Scenario D — Auth0 JWKS returns 503
Symptom: every authenticated request fails with jwks_unreachable.
# Probe JWKS directly from inside a pod
kubectl exec -n alphaswarm deploy/alphaswarm-core -- curl -fsS https://your-tenant.us.auth0.com/.well-known/jwks.json
# Common causes:
# - Auth0 service incident (https://status.auth0.com/)
# - Outbound 443 blocked by NetworkPolicy (check network-policies.yaml)
# - DNS resolution failure inside the cluster
# Mitigation: flip ALPHASWARM_AUTH_ENFORCE to permissive for read-only routes
# while you wait for Auth0 to recover. ONLY do this if your operator
# UI is firewalled at the Ingress layer.
kubectl set env -n alphaswarm deploy/alphaswarm-core ALPHASWARM_AUTH_ENFORCE=permissive
Scenario E — Ingress returns 503
# Check NGINX Ingress controller
kubectl -n ingress-nginx get pods
kubectl -n ingress-nginx logs deploy/ingress-nginx-controller --tail=200
# Check service endpoints
kubectl get endpoints -n alphaswarm alphaswarm-client
kubectl get endpoints -n alphaswarm-admin alphaswarm-cp
# If endpoints are empty, the pods aren't passing readinessProbe.

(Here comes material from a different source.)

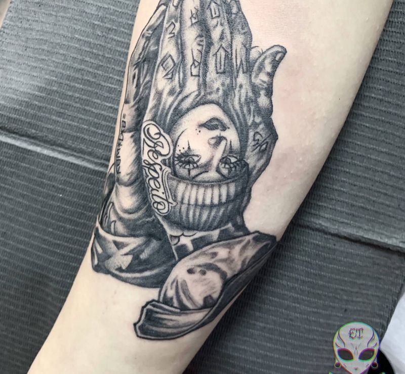 当前位置: 首页 >广东省东莞市纹身店-ET TATTOO纹身图案>祈祷之手纹身图片_手部手臂欧美写实纹身图案

Scenario F — Stateful service failover
Postgres
The compose stack uses a single Postgres pod backed by a PVC. K8s overlays should be migrated to a managed Postgres (Aurora / Cloud SQL / Azure Database for PostgreSQL) before going to prod.
For dev/staging:
kubectl -n alphaswarm delete pod -l app=postgres # restarts; data persists in PVC
Redis Stack
kubectl -n alphaswarm delete pod redis-master-0 # StatefulSet brings it back
Post-incident
- Open an incident report in
alphaswarm_docs/incidents/<yyyy-mm-dd>-<slug>.md. - Capture: timeline, blast radius, root cause, fixes applied, follow-ups.
- If a hard rule was bypassed (e.g. ALPHASWARM_AUTH_ENFORCE flipped to permissive), schedule the revert as a P1 task.
- Add a regression test to prevent the same class of incident.